◆ Instructions to follow
Transcribe the data that follows without changing a word, and omit the pictures.

◆ Source material
☆ ☆ ☆ ☆

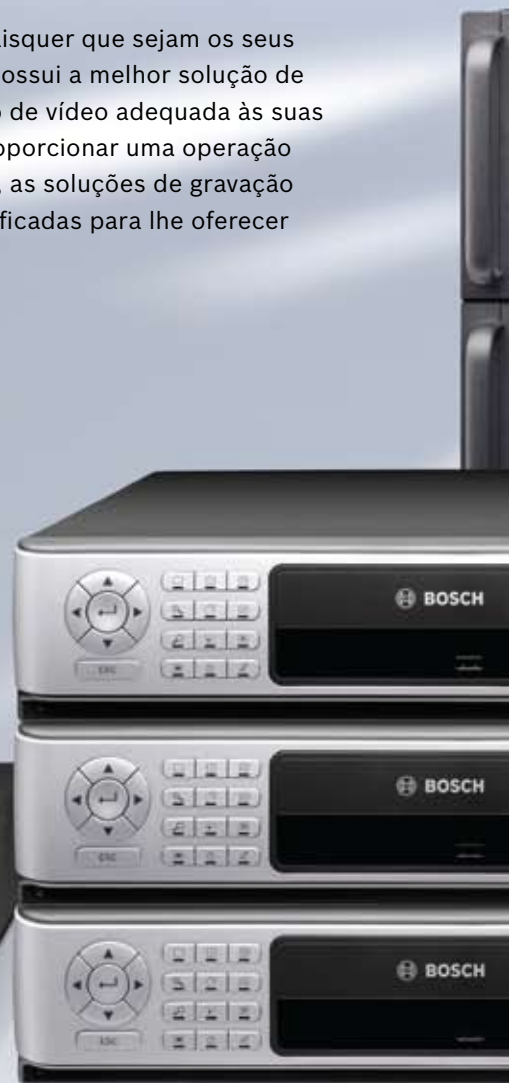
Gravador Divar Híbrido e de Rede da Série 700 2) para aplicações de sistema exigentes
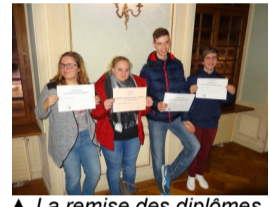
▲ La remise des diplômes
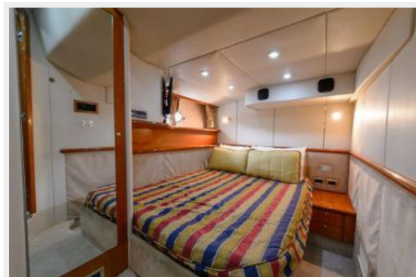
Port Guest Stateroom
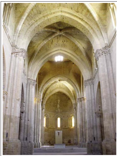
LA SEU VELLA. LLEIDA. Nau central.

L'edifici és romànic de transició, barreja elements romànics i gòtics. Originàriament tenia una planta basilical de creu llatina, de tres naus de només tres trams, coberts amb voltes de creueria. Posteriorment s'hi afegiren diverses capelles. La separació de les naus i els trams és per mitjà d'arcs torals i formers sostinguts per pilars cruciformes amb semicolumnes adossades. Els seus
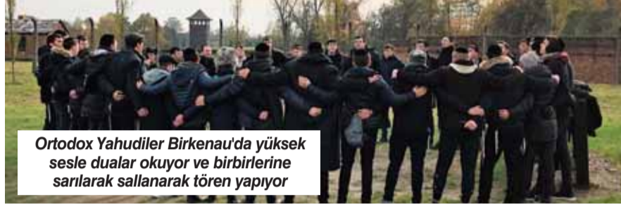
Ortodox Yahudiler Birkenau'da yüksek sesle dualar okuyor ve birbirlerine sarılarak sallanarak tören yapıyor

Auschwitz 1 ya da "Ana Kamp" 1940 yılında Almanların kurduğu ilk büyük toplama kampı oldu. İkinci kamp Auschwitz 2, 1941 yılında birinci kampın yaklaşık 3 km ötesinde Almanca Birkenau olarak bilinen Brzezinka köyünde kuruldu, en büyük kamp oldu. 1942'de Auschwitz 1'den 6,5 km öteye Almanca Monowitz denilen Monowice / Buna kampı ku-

☆ ☆ ☆ ☆

◆ Written response
Gravador Divar Híbrido e de Rede da Série 700 2) para aplicações de sistema exigentes
▲ La remise des diplômes
Port Guest Stateroom
LA SEU VELLA. LLEIDA. Nau central.

L'edifici és romànic de transició, barreja elements romànics i gòtics. Originàriament tenia una planta basilical de creu llatina, de tres naus de només tres trams, coberts amb voltes de creueria. Posteriorment s'hi afegiren diverses capelles. La separació de les naus i els trams és per mitjà d'arcs torals i formers sostinguts per pilars cruciformes amb semicolumnes adossades. Els seus
Ortodox Yahudiler Birkenau'da yüksek sesle dualar okuyor ve birbirlerine sarılarak sallanarak tören yapıyor

Auschwitz 1 ya da "Ana Kamp" 1940 yılında Almanların kurduğu ilk büyük toplama kampı oldu. İkinci kamp Auschwitz 2, 1941 yılında birinci kampın yaklaşık 3 km ötesinde Almanca Birkenau olarak bilinen Brzezinka köyünde kuruldu, en büyük kamp oldu. 1942'de Auschwitz 1'den 6,5 km öteye Almanca Monowitz denilen Monowice / Buna kampı ku-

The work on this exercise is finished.